- Born: Heymann Zirndorfer 7 May 1829 Fürth, Kingdom of Bavaria, German Confederation
- Died: 17 December 1893 (aged 64) Cincinnati, Ohio, United States
- Writing career
- Language: German

= Heinrich Zirndorf =

German poet, playwright, and rabbi (1829-1893)

Heinrich Zirndorf (May 7, 1829 – December 17, 1893) was a German poet, playwright, and rabbi.

==Biography==
Heinrich Zirndorf was born as Heymann Zirndorfer (חיים צירנדארפער) in Fürth, Bavaria, in 1829. He received a private early education. His parents intended for him to pursue a commercial career, and for a short time he was employed as a clerk by a local business. His early studies of German and English classics, however, inspired him to continue studying.

At the age of nineteen, he relocated to Munich, where he attended the gymnasium until 1855. The following two years he spent in Vienna, where he worked as an assistant teacher and librarian in the city's Jewish school. He focused primarily on poetry during this period, composing some of his best verses. Notably, his tragedy in five acts, Kassandra, was published in Vienna in 1856. In 1857, he secured the role of rabbi in Liptau-Sankt-Nikolaus, Hungary. However, he soon resigned and moved to Frankfurt, where he made the acquaintance of the historian Isaac Marcus Jost. Zirndorf later chronicled these reminiscences in Isaak Markus Jost und Seine Freunde (1886).

In 1860, Zirndorf published a collection of his poems in Leipzig. That September, he accepted an invitation to serve as a teacher in England. He spent thirteen years there, first in Hull and Manchester, then in London. He returned to Germany in April 1873 as the rector of the Hebrew Teachers' Institute in Münster. Three years later, he accepted an offer to become the rabbi of the Congregation Beth-El in Detroit, Michigan.

In 1884, Zirndorf assumed the position of a history professor at the Hebrew Union College in Cincinnati. Around this period, Zirndorf began contributing to Die Deborah, eventually becoming its associate editor.
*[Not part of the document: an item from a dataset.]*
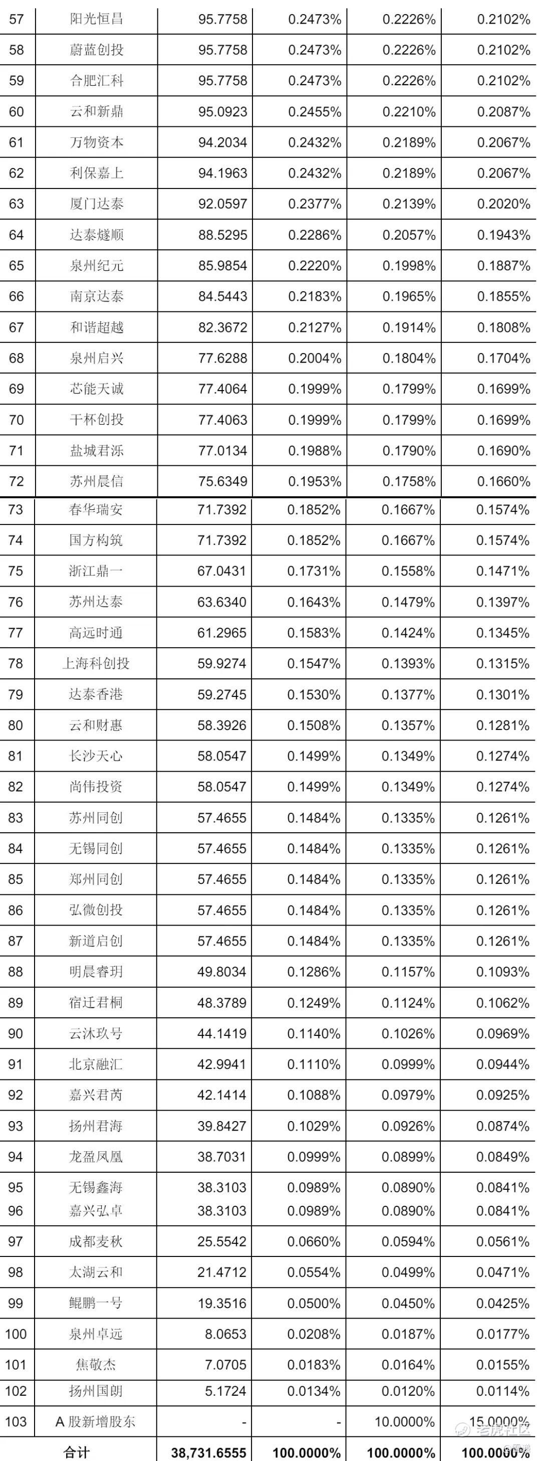 万物资本、利保嘉上分别持股为0.2067%,厦门达泰持股为0.2020%,达泰燧顺持股为0.1943%,泉州纪元持股为0.1887%,南京达泰持股为0.1855%,和谐超越持股为0.1808%,泉州启兴持股为0.1704%,芯能天诚、干杯创投分别持股为0.1699%,盐城君泺持股为0.1690%,苏州晨信持股为0.1660%,春华瑞安、国方构筑分别持股为0.1574%。

He was appointed rabbi and preacher of the Ahabath Achim congregation in Cincinnati in 1889, a position he held until his death.

==Selected publications==
- "Kassandra: Trauerspiel in fünf Akten" (1856)
- "Der Lehrberuf in Israel" (1859)
- "Gedichte" (1860)
- "Ueber jüdisch-religiöse Bildung im Seminare der Gegenwart" (1875)
- "Isaak Markus Jost und seine Freunde: Ein Beitrag zur Kulturgeschichte der Gegenwart" (1886)
- "Some Jewish Women" (1892) Translation of sketches previously published in Die Deborah.